Eine ganz einfache Übung für den Winter lautet:

Hand aufs Herz – Hand auf den Bauch.
3 Atemzüge einladen.
Nicht tiefer, nicht besser – nur spüren.
Ich bin hier. Das reicht.

Diese Übung ist kein „Tool“. Sie ist ein Türöffner.
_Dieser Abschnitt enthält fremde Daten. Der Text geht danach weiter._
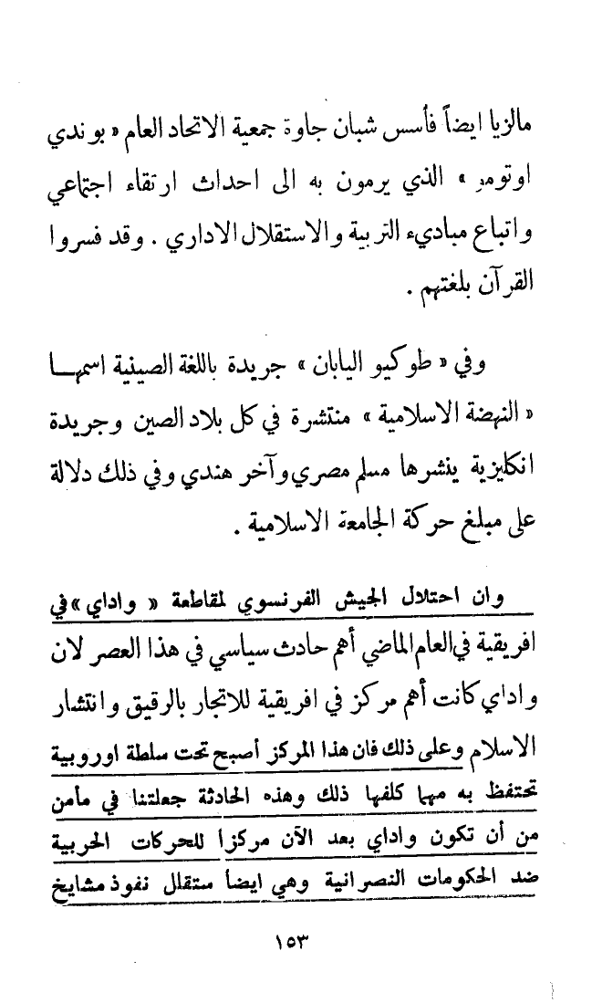 وإن احتلال الجيش الفرنسي لمقاطعة «واداي» في أفريقيا في العام الماضي أهم حادث سياسي في هذا العصر، لأن «واداي» كانت أهم مركز في أفريقيا للاتجار بالرقيق وانتشار الإسلام وعلى ذلك فإن هذا المركز أصبح تحت سلطة أوروبية تحتفظ به مهما كلفها ذلك وهذه الحادثة جعلتنا في مأمن من أن تكون «واداي» بعد الآن مركزًا للحركات الحربية ضد الحكومات النصرانية وهي أيضًا ستقلل نفوذ مشايخ

Eine Erinnerung daran, dass wir existieren dürfen, auch wenn wir gerade nichts leisten.


Winter als Seelenzeit

Vielleicht ist dieses Jahr viel passiert.
Vielleicht war es anstrengend.
Vielleicht trägst du gerade etwas Schweres.

Und vielleicht ist genau jetzt ein leiser Moment möglich.

Du musst nichts loslassen.
Du musst nichts verarbeiten.
Du musst nichts finden.

Du darfst einfach:
Sein.

Im Yogasutra heißt es:

Yoga ist das zur Ruhe kommen der Bewegungen im Geist.

Der Winter lädt uns genau dazu ein – aber nicht mit Zwang, sondern mit leiser Freundlichkeit.


Ein persönlicher Impuls für diesen Monat

Vielleicht magst du dich in den nächsten Wochen einmal fragen:

Was würde passieren, wenn ich mir erlaube, weniger zu müssen?

Vielleicht entsteht Platz. Vielleicht entsteht Weite.
Vielleicht entsteht ein kleiner Lichtpunkt, den du mit in das neue Jahr tragen kannst.

Und wenn sich die Dunkelheit manchmal schwer anfühlt – erinnere dich:

Auch die Samen unter der Erde liegen warm und sicher im Dunkeln.